In [1]:
!pip install -U datasets transformers[sentencepiece]



## Loading the dataset

# Training your own tokenizer from scratch

## Getting a corpus

We will need texts to train our tokenizer. We will use the [🤗 Datasets](https://github.com/huggingface/datasets) library to download our text data, which can be easily done with the `load_dataset` function:

In [2]:
from datasets import load_dataset

For this example, we will use Wikitext-2 (which contains 4.5MB of texts so training goes fast for our example) but you can use any dataset you want (and in any language, just not English).

In [3]:
dataset = load_dataset("wikitext", name="wikitext-2-raw-v1", split="train")

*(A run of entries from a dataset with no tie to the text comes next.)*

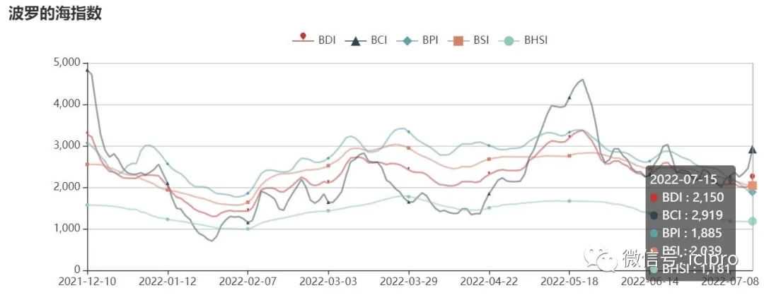 3.截止07月15日波罗的海指数(BDI)为2150,同比上周上升4.23%,开普敦船型涨幅较大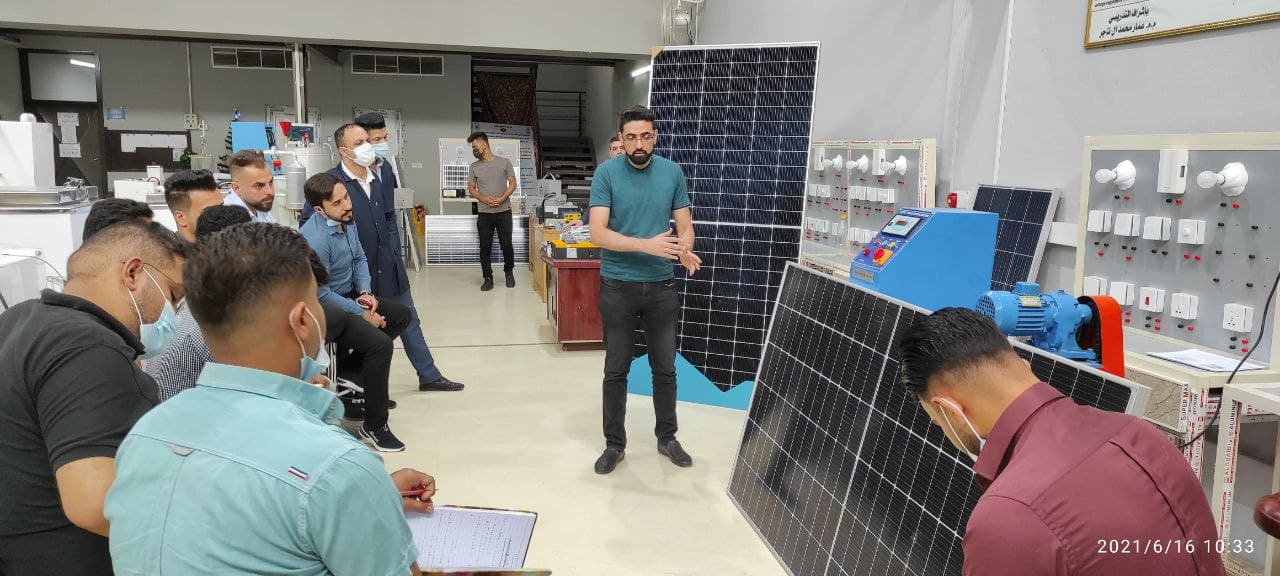 برعاية السيد المساعد العلمي لجامعة وارث الأنبياء وبأشراف مباشر من السيد عميد كُلْيَة الهندسة المحترم والسيد رئيس قسم هندسة تقنيات التكييف والتبريد أقيمت ورشة عملية في نصب منظومات شمسية وعلى مدى ثلاث أيام من قبل أساتذة قسم التكييف والتبريد وكادر شركة متخصص في هذا المجال وتستهدف هذه الورشة طلبة المرحلة الرابعة حيث يشمل البرنامَج التدريبي في اليوم الأول على التعرف على أنواع الخلايا الشمسية ومكونات المنظومات الشمسية وكيفية ربطها على التوالي والتوازي وقياس زاويه الأسقاط الشمسي وقياس كفائتها عند زوايا معينه وتأثير نسبه الظل على مقدار الفولتيه المتحققة وفي اليوم الثاني سيتدرب الطلبة على كيفية أجراء الصيانة على جهاز الانفيرتر والتعرف على طريقة عملة وكيفية استبدال القطع والعناصر التالفه فيه بوضع اخرى مشابه او مكافئة يتم استخراجها وفق جداول علمية أما اليوم الثالث سيتم تدريب الطلبة على كيفية اختيار النوع الملائم من المنظومات الشمسية لمشروع معين وكيفية تحديد معايير اختيار المنظومة المناسبة. ولله ولي التوفيق…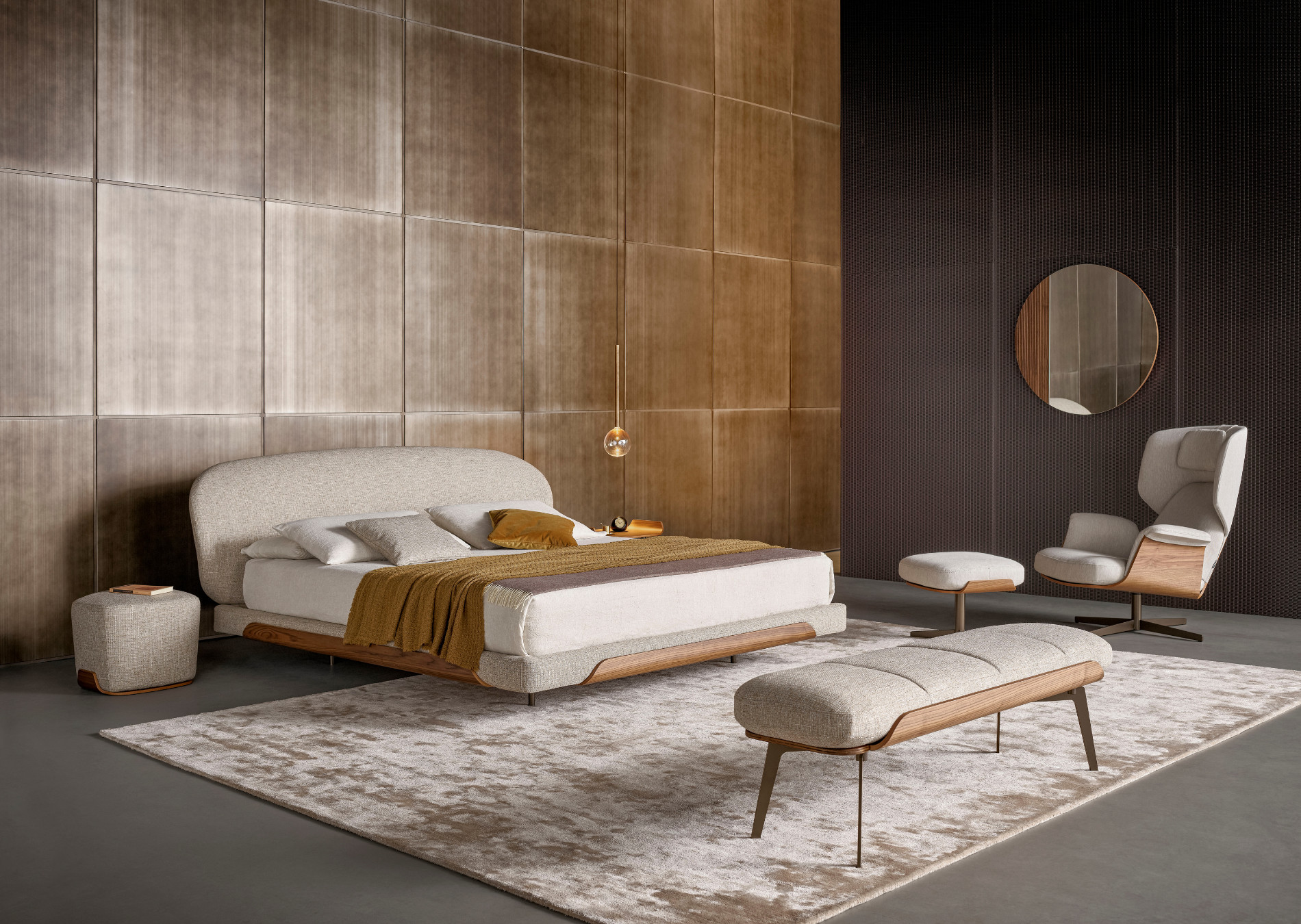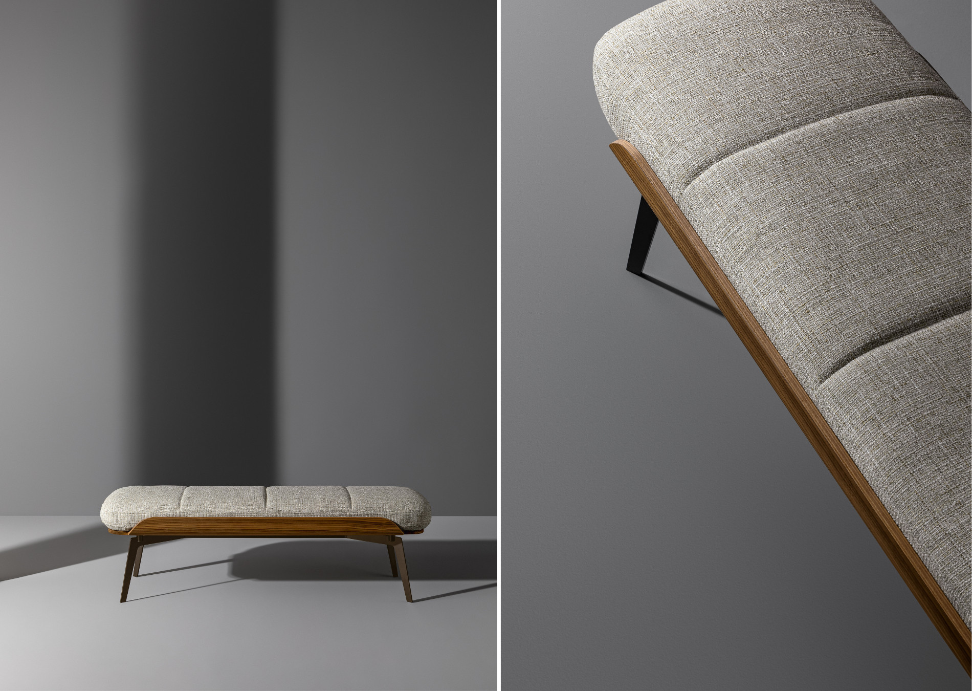 The Olos family also consists of a bench notable for its generous padding, while what really catches the attention is the side detail in curved wood, the common thread that runs through the whole collection and which hints at Nordic inspiration with its sober details and harmony of volumes. The end-of-bed bench for bedroom is supported by slender metal legs that fit discreetly into the overall design. The Olos bench completes the collection designed by Mauro Lipparini for the sleeping area, making it even more comfortable and functional.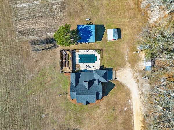 Fine Country Living at Its Best! Welcome to this beautiful custom-built 3 bedroom & 2 bath home situated on 20 pristine acres-the perfect blend of luxury living and peaceful country charm. From the moment you walk in, you'll notice the thoughtful design, open concept layout, and high ceilings that make every room feel spacious, bright, and comfortable. This home was crafted with both family living and entertaining in mind. The tastefully crafted floor to ceiling stone fireplace is an eye catching feature of this home. The large family room flows seamlessly into a gorgeous open kitchen featuring abundant cabinet space, an oversized breakfast bar, and an adjoining dining area with views of the property. The home also includes a generous utility room, great storage throughout, and a carport for convenient parking. Step outside and prepare to be impressed-this property truly shines when it comes to outdoor living. A beautifully designed pool house/Mother-in-Law suite offers endless possibilities, complete with its own kitchen, bedroom, and bathroom, perfect for guests, or extended family. The sparkling in-ground pool and covered back porch seating area create an ideal setting for hosting gatherings, grilling out, or simply enjoying quiet evenings surrounded by nature snuggled by the fireplace. Additional features include a storage shed, open acreage up front, and wooded acres at the back, providing both privacy and hunting opportunities. Whether you're looking for a mini-farm, a weekend getaway, or a full-time residence with room to roam, this property checks every box. Located only minutes from town yet offering a quiet retreat-like atmosphere, this home delivers luxury amenities with the freedom and serenity of country living. Don't miss your chance to own this exceptional piece of Alabama countryside!
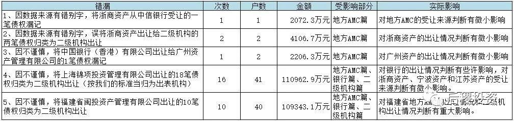在白皮書《銀行篇》發(fā)布后,有銀行業(yè)的前輩指出,我們商業(yè)銀行不良資產(chǎn)的總新增額,除去新增和出讓額外,還應(yīng)當(dāng)加上銀行自己核銷和清收的債權(quán)總額,對此我們表示認(rèn)同和感謝。但該數(shù)據(jù)取得較為困難,且跟債權(quán)轉(zhuǎn)讓市場關(guān)聯(lián)不大,故我們不再統(tǒng)計(jì)。前輩提出了一個(gè)統(tǒng)計(jì)方法:查一下全國各上市銀行的年報(bào)中的撥備當(dāng)年計(jì)提數(shù),加上年底撥備,減去年初撥備,基本上小于等于清收加核銷,但撥備回沖比較難統(tǒng)計(jì)。非上市銀行數(shù)據(jù)則難以獲取,故這樣也難做到完全統(tǒng)計(jì),但上市銀行數(shù)據(jù)仍舊有參考意義。感興趣的朋友可按該方法去自行核實(shí)。
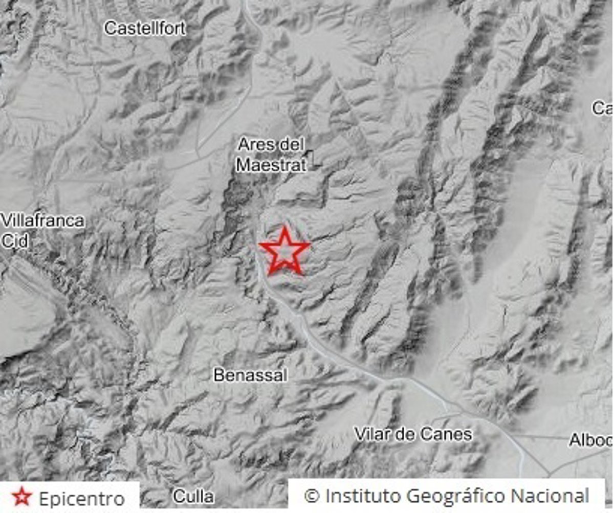 La localitat castellonenca d'Ares del Maestrat ha registrat este dimarts un terratrèmol amb magnitud 2,9, segons informa en la seua pàgina web l'Institut Geogràfic Nacional (IGN).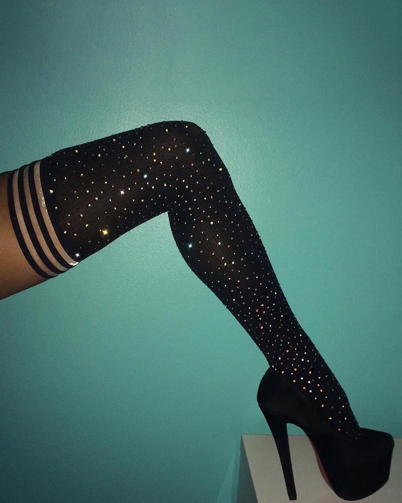 Christmas Striped Print Rhinestone Decor Long Socks, Black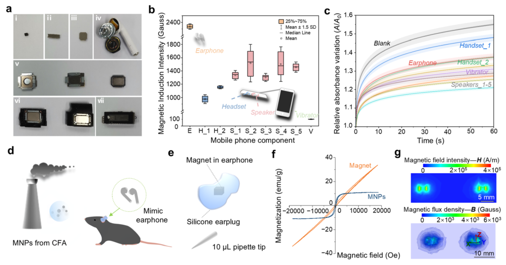 图1. 耳机/智能手机内置磁场(EEM)的表征及共暴露小鼠模型的构建。 (a) 手机及模拟耳机的组件,内含EEM:(i)模拟耳机中的磁铁;(ii-iii)听筒;(iv)耳机(磁铁圈出);(v-vi)扬声器;(vii)振动器。 (b) 来自手机和耳机的EEM暴露强度。 (c) EEM对小鼠血浆中PM₂.₅内暴露行为的影响。 (d) 共暴露小鼠模型示意图。 (e) 模拟耳机的构成。 (f) 耳机磁铁与从粉煤灰中提取的磁铁矿纳米颗粒的磁滞回线。 (g) 模拟耳机的模拟磁场。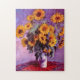 Ein schönes klassisches Stillleben-Puzzle mit Sonnenblumen in einer Vase, gemalt vom französischen Impressionisten Claude Monet.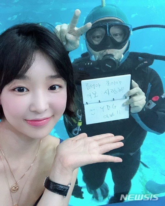 공개된 사진 속 양동근은 스쿠버 다이행을 하며 아내와 함께 포즈를 취하고 있다.

We can have a look at the dataset, which as 36,718 texts:

In [4]:
dataset

Dataset({
    features: ['text'],
    num_rows: 36718
})

To access an element, we just have to provide its index:

In [5]:
dataset[1]

{'text': ' = Valkyria Chronicles III = \n'}

We can also access a slice directly, in which case we get a dictionary with the key `"text"` and a list of texts as value:

In [6]:
dataset[:5]

{'text': ['',
  ' = Valkyria Chronicles III = \n',
  '',
  ' Senjō no Valkyria 3 : Unrecorded Chronicles ( Japanese : 戦場のヴァルキュリア3 , lit . Valkyria of the Battlefield 3 ) , commonly referred to as Valkyria Chronicles III outside Japan , is a tactical role @-@ playing video game developed by Sega and Media.Vision for the PlayStation Portable . Released in January 2011 in Japan , it is the third game in the Valkyria series . Employing the same fusion of tactical and real @-@ time gameplay as its predecessors , the story runs parallel to the first game and follows the " Nameless " , a penal military unit serving the nation of Gallia during the Second Europan War who perform secret black operations and are pitted against the Imperial unit " Calamaty Raven " . \n',
  " The game began development in 2010 , carrying over a large portion of the work done on Valkyria Chronicles II . While it retained the standard features of the series , it also underwent multiple adjustments , such as making th

The API to train our tokenizer will require an iterator of batch of texts, for instance a list of list of texts:

In [7]:
batch_size = 1000
all_texts = [dataset[i : i + batch_size]["text"] for i in range(0, len(dataset), batch_size)]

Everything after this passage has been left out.